I have a feeling that we need to be real with ourselves and solve problems and not paper over them. I feel like people generally expect search engines to tell them what's really there instead of what people wish were there. And if the engines do that, people can get agitated!
I'd almost say that hurt feelings are prerequisite for real change, hard though that may be.
These are all really interesting questions brought up by this technology, thanks for your thoughts. Disclaimer, I'm a fucking idiot with no idea what I'm talking about.
Which real world? The population you sample from is going to make a big difference. Do you expect it to reflect your day to day life in your own city? Own country? The entire world? Results will vary significantly.
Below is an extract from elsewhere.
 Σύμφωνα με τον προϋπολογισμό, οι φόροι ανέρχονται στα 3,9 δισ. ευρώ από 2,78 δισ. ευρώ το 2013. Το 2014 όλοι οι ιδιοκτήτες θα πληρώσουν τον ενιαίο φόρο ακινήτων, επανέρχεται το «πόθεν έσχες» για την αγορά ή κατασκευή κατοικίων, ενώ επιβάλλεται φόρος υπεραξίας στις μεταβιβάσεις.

If I ask for pictures of Japanese people, I'm not shocked when all the results are of Japanese people. If I asked for "criminals in the United States" and all the results are black people, that should concern me, not because the data set is biased but because the real world is biased and we should do something about that. The difference is that I know what set I'm asking for a sample from, and I can react accordingly.
Your logic seems to rest on this assumption which I don't think is justified. "Skewing search results" is not the same as "hiding the biases of the real world". Showing the most statistically likely result is not the same as showing the world how it truly is.
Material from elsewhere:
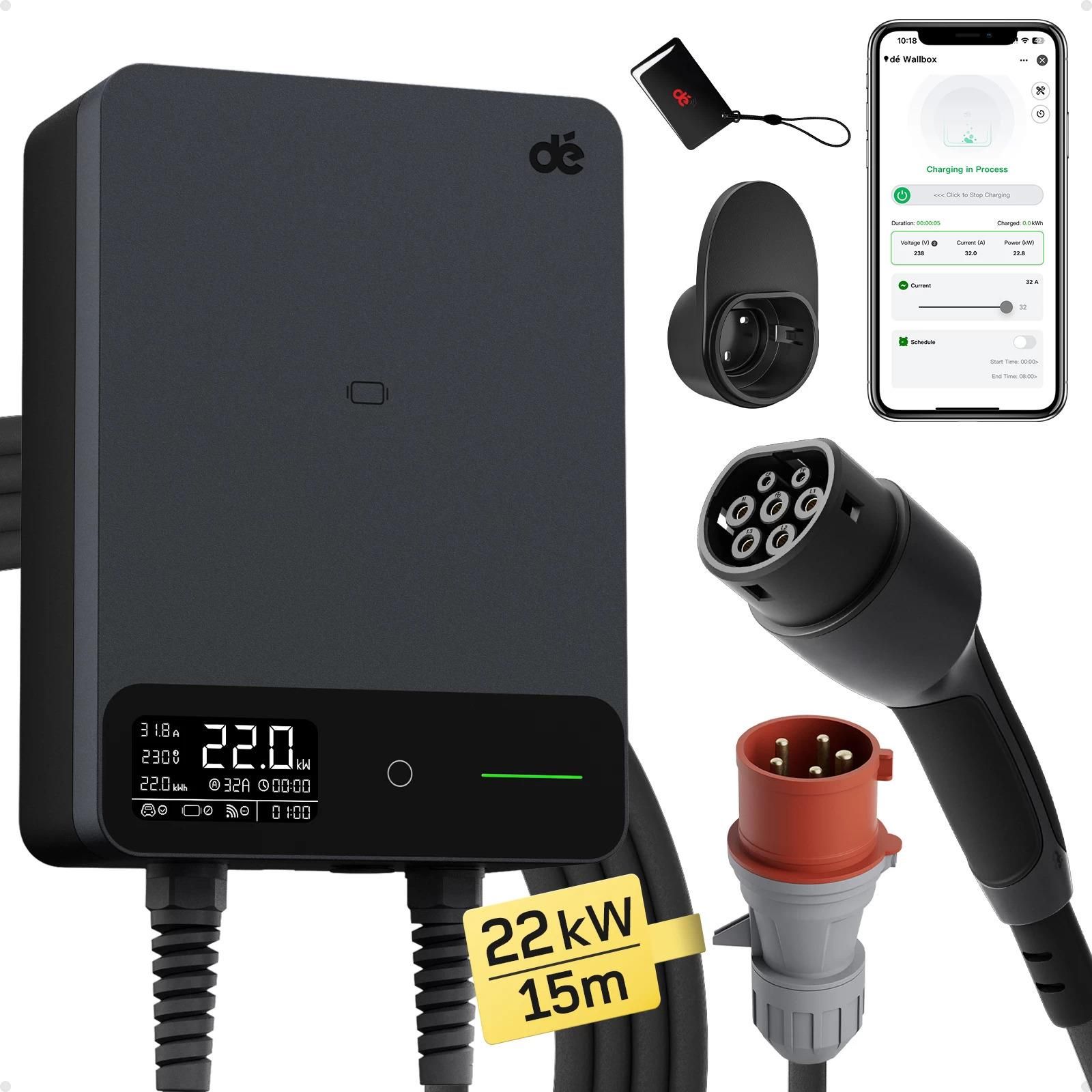 Stacjonarna ładowarka wallbox dé EV 22kW Typ 2 na siłę 15m Lwówek

A generic nurse is statistically going to be female most of the time. However, a model that returns every nurse as female is not showing the real world as it is. It is exaggerating and reinforcing the bias of the real world. It inherently requires a more advanced model to actually represent the real world. I think it is reasonable for the creators to avoid sharing models known to not be smart enough to avoid exaggerating real world biases.
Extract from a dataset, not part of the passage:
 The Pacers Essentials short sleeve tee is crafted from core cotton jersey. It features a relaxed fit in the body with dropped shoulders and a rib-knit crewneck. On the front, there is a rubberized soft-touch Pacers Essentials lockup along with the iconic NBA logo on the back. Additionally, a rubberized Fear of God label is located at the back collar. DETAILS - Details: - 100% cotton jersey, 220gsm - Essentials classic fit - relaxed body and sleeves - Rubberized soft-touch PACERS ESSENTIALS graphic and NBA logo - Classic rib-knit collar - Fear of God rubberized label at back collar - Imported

Well the results would unquestionably be biased. All results being black people wouldn't reflect reality at all, and hurting feelings to enact change seems like a poor justification for incorrect results.
> I'd say it doesn't actually matter, as long as the population sampled is made clear to the user.
Ok, and let's say I ask for "criminals in Cheyenne Wyoming" and it doesn't know the answer to that, should it just do its best to answer? Seem risky if people are going to get fired up about it and act on this to get "real change".
That seems like a good parallel to what we're talking about here, since it's very unlikely that crime statistics were fed into this image generating model.
curiously, this search actually only returns white people for me on GIS
Every model will have some random biases. Some of those random biases will undesirably exaggerate the real world. Every model will undesirably exaggerate something. Therefore no model should be shared.
Your goal is nice, but impractical?
I said "It is reasonable... to avoid sharing models". That is an acknowledged that the creators are acting reasonably. It does not imply anything as extreme as "no model should be shared". The only way to get from A to B there is for you to assume that I think there is only one reasonable response and every other possible reaction is unreasonable. Doesn't that seem like a silly assumption?
“When I use a word,’ Humpty Dumpty said in rather a scornful tone, ‘it means just what I choose it to mean — neither more nor less.’
’The question is,’ said Alice, ‘whether you can make words mean so many different things.’
’The question is,’ said Humpty Dumpty, ‘which is to be master — that’s all.”If the only way to do AI is to encode racism etc, then we shouldn't be doing AI at all.
We may not like what it shows us, but blindfolding ourselves is not the solution to that problem.